The claim that the United States assimilated its historical waves of immigrants without experiencing violence, crime, or social disruption is both inaccurate and ahistorical. In the late 19th and early 20th centuries, immigrant communities in the U.S. were frequently and often *primarily* associated with crime, disorder, and moral panic—fueled by the same factors you see in Europe today: poverty, poor/segregated urban conditions, and populist xenophobic media coverage. Irish and Italian neighborhoods were linked to gang violence and organized crime; Chinese immigrants were accused of spreading vice and were targeted in violent pogroms such as the 1871 Los Angeles massacre and the 1885 Rock Springs massacre in Wyoming. Nativist fears about immigrant criminality and cultural incompatibility led to widespread discrimination and legal restrictions, including the Chinese Exclusion Act of 1882 and the Immigration Act of 1924, which codified ethnic quotas based on racial hierarchies.
Immigrants were also central to the radical political movements of the era. German, Italian, Jewish, and Eastern European immigrants helped lead major labor uprisings, often under socialist, syndicalist, or anarchist banners. The 1886 Haymarket bombing in Chicago—a defining moment in American labor history—involved German immigrant anarchists. Emma Goldman and Alexander Berkman, Russian Jewish immigrants, were linked to bombings and even attempted assassination. The 1901 assassination of President William McKinley was carried out by an anarchist of Eastern European descent, further fueling anti-immigrant hysteria and government crackdowns like the Palmer Raids of 1919–1920. So the notion that America was somehow uniquely immune to immigrant-linked unrest or extremism is a selective retelling of history.
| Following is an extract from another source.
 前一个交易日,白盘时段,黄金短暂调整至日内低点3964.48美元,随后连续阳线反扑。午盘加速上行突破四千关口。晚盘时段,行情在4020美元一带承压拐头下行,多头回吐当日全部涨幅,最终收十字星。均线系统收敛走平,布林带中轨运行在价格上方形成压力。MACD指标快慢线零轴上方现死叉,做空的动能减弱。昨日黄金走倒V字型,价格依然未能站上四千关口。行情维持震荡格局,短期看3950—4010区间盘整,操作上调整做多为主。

Furthermore, the idea that Europe’s current immigration challenges stem from “brain dead progressives” is politically inaccurate. Many of Europe’s major immigration policies were implemented or expanded under conservative or centrist governments. Germany’s Gastarbeiter (“guest worker”) program that brought in millions of Turks began under conservative governments in the 1950s–60s and continued for decades. Chancellor Angela Merkel, a center-right leader, oversaw Germany’s decision to accept large numbers of Syrian refugees in 2015. In the UK, immigration from Commonwealth countries accelerated under Conservative governments, including under Churchill and Macmillan. In Sweden, the center-right government in the early 2010s made decisions that allowed for high levels of refugee intake (the Conservative PM implored Swedes to “open your hearts”)—long before the Social Democrats returned to power and quickly clamped down on the intake in response to backlash. Immigration has often been driven by economic needs and post-colonial obligations, not simply by left-wing ideology.
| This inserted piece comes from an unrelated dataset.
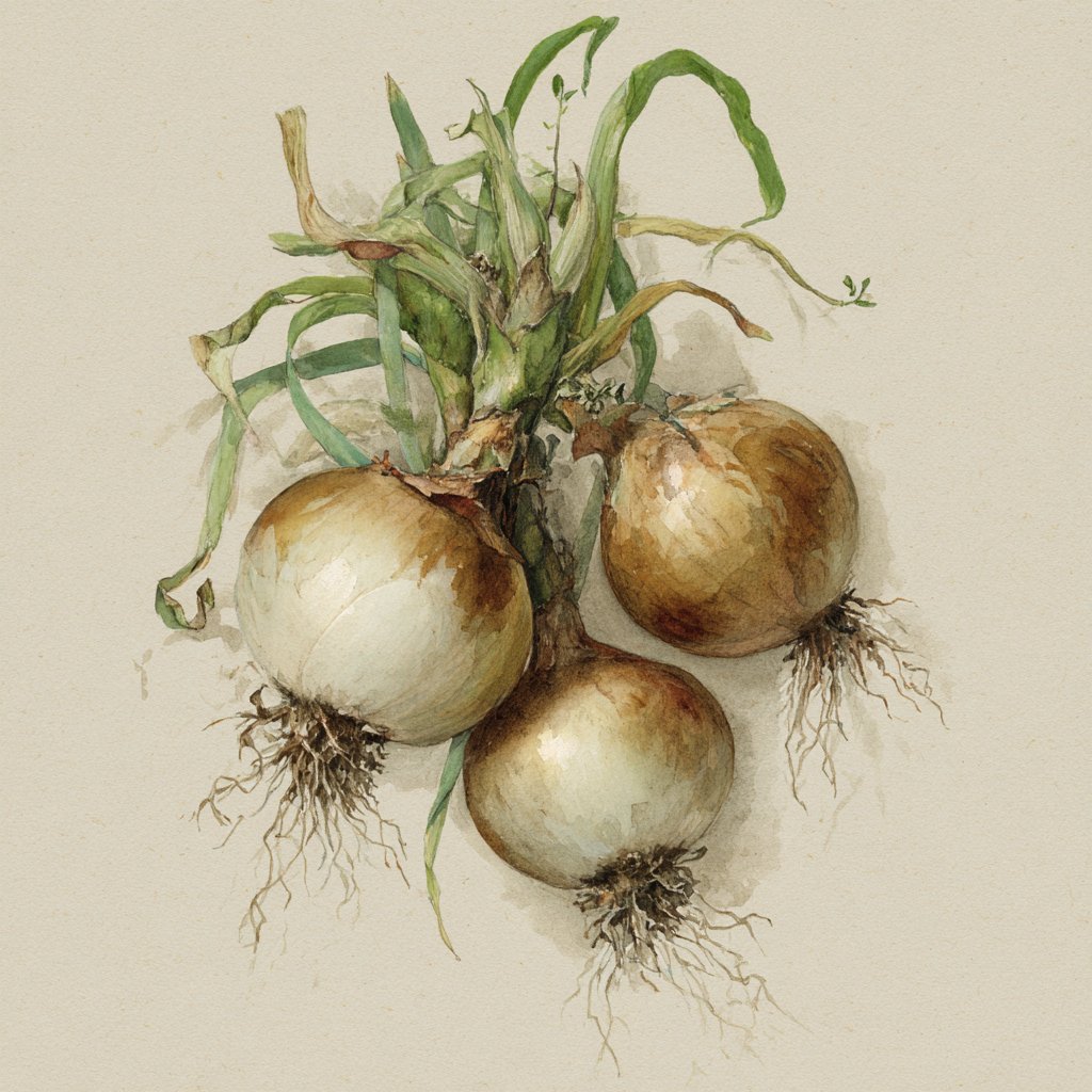 Onion has been documented as a cultivated food plant since the earliest written records. Its preservation qualities, pungency, and year-round storage made it one of the most strategically important food crops in the ancient world - valued alongside garlic and leek as the foundational trio of alliums.

This idea that people migration happens because bleeding hearts want it to out of stupidity or naïveté or something is nonsensical. Immigration happens a because of both *demand* for immigrants among countries with declining demographics and labor shortages (AKA the entire Western and developed world, now including Japan) and *supply* of people desperate to leave untenable economic or political conditions.
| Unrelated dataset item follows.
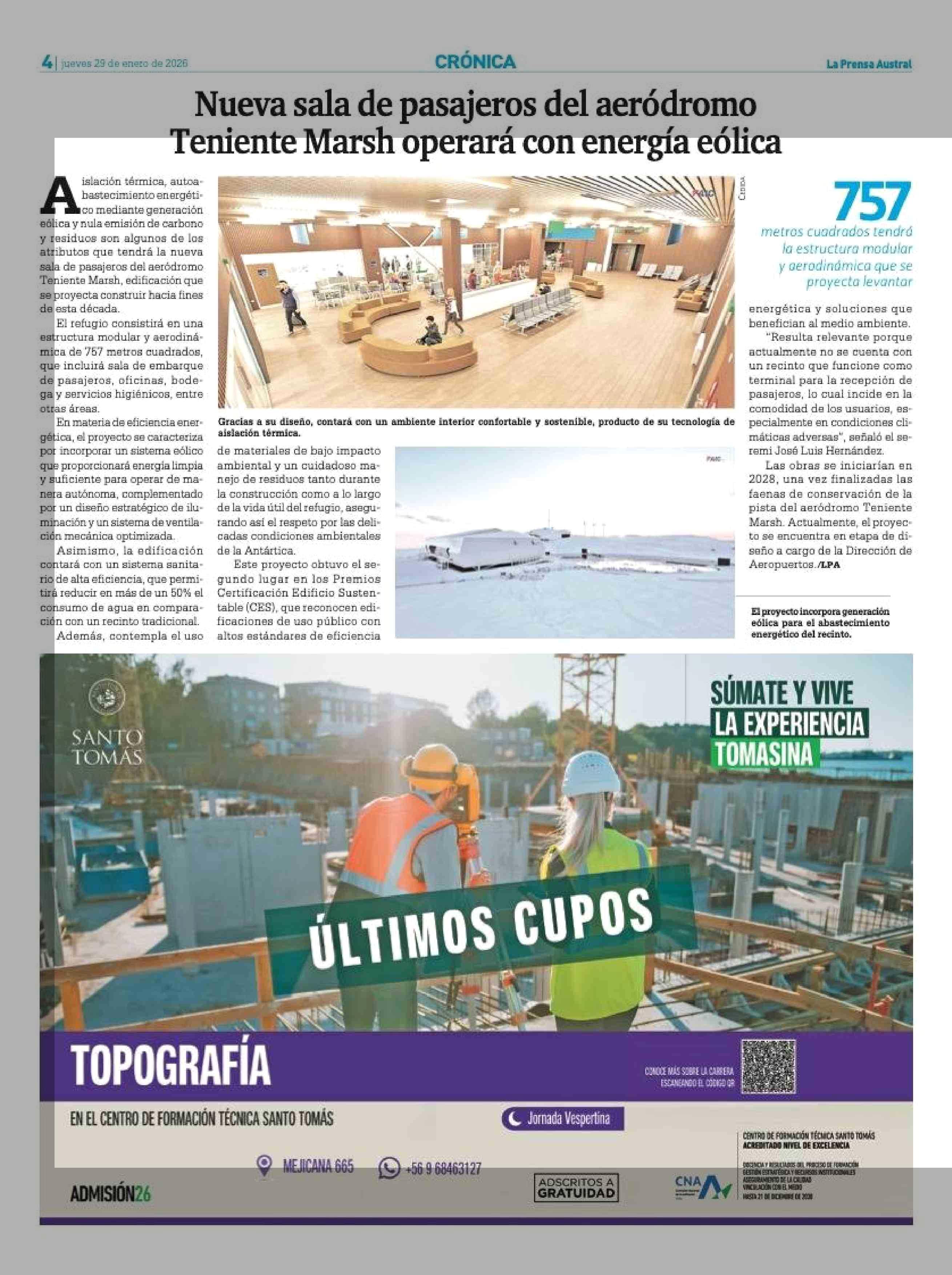 Título: Nueva sala de pasajeros del aeródromo Teniente Marsh operará con energía eólica

And political efforts to stop immigration are always extremely difficult if not impossible: just look at how shiftless the post-Brexit efforts to reduce immigration were in the UK—the opposite occurred, with immigration spiked ever since they left the EU! So far, despite its fevered rhetoric and draconian methods, the Trump Administration has actually deported fewer illegal immigrants than was the average under Biden in the US! And what about that Bug Beautiful Wall!? It remains rhetorical only. None of this is from lack of trying: the truth is that it’s just not an easy fix to stem immigration if that supply and demand is there! Not the least because there are always perverse incentives to not *really* do what it takes: why isn’t Trump’s ICE focusing on punishing employers and individuals that hire all this illegal labor, if it’s such an emergency issue? Just make e-verify universal and clamp down on anyone who breaches and viola, the demand-side factor is gone, right? Oh yeah, that hasn’t even been attempted … because those law-breaking employers are ironically often the Republicans’ wealthy, donating base! You saw this dynamic revealed when Trump suddenly decides that farms and meatpackers hiring illegals is fine, actually.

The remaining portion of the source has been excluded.